US futures are pointing to a stronger open on Thursday


Good morning,

US futures are pointing to a stronger open on Thursday as investors shrug off concerns over the Scottish referendum and instead turn their attention to the second dose of monetary stimulus this week from the People’s Bank of China.

As the day progresses and we near the referendum result, I’m sure we’ll see some profit taking creep into the markets, especially if we get reports suggest the voting is neck and neck as the polls suggest. The result itself isn’t due out until the early hours of tomorrow morning which should make the last hour of trading today very interesting.

As it stands, despite what the polls say, people seem very confident that the Scots will vote no when push comes to shove. The odds strongly favour a no vote and that probably says a lot more than any surveys would. While a lot of Scots may like the idea of independence, which is completely understandable, I think a lot won’t be able to get past the fact that Alex Salmond and the “yes” campaign were not able to give any guarantees on key issues such as currency, central bank and EU membership. The lack of a plan B has seriously damaged the chances of Scotland getting independence and the country may now have to wait a long time to get another chance.

The decision by the PBOC overnight to announce a cut to the short term borrowing rate has provided another boost to the markets this week. This week we’ve already had reports that the PBOC has injected large sums of cash into the country’s five largest banks, which in itself gave the markets a big boost. Today’s announcement is a massive statement of intent from the PBOC. Despite its desire to tighten credit conditions and reign in some of the reckless lending that has happened in recent years, it will not do so at the expense of the country’s growth.

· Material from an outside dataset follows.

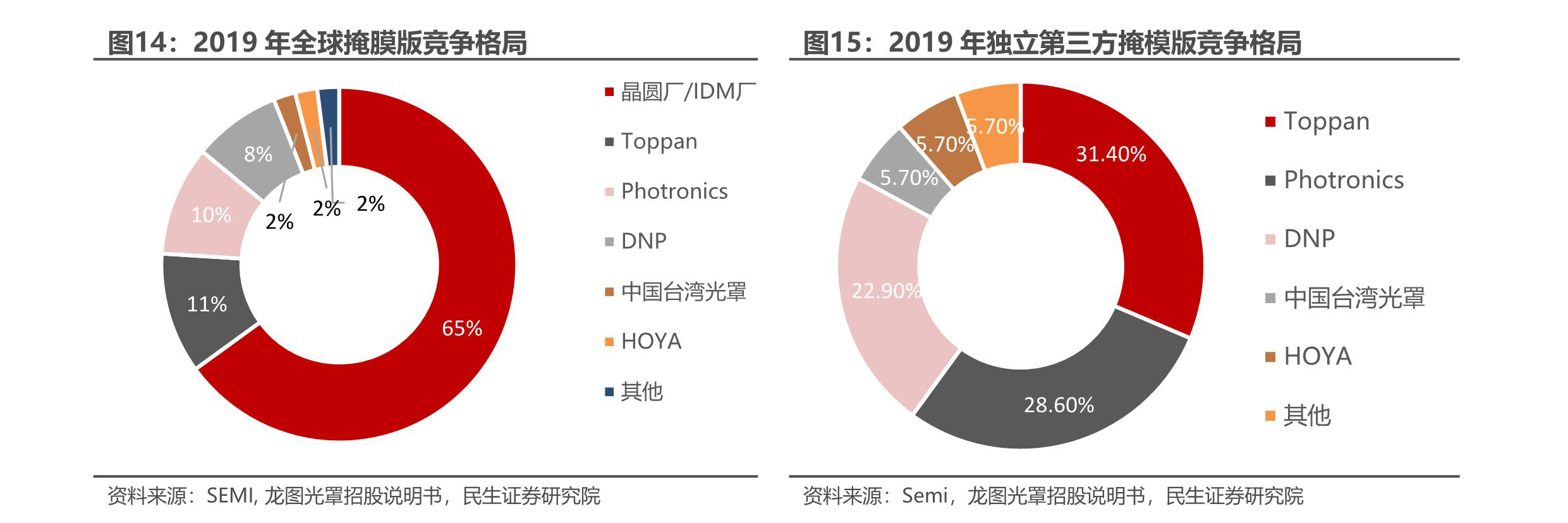 2)競(jìng)爭(zhēng)格局:據(jù)SEMI的數(shù)據(jù)統(tǒng)計(jì),2019年全球芯片掩膜版市場(chǎng)中,65%的市場(chǎng)份額由晶圓廠(chǎng)自行配套的掩膜版工廠(chǎng)占據(jù),剩余35%的份額則被獨(dú)立第三方掩膜工廠(chǎng)瓜分。

Investors have been concerned about China again recently, with some of the numbers being far from great. But stimulus has worked in the past so there’s no reason to doubt that it will again. Well, that’s what the markets are betting on anyway.

We have plenty of US data being released today, although it may be somewhat overshadowed by the referendum. The housing data is likely to show a small decline in both building permits and housing starts which is a little concerning given that rates will rise in the next 12 months which could weigh further on the numbers. We’ll also get jobless claims figures for the last week as well as another speech from Fed Chair Janet Yellen so there’s plenty to focus on from a US perspective as well.

The S&P is currently seen opening 7 point higher, the Dow 54 points higher and the Nasdaq 15 points higher.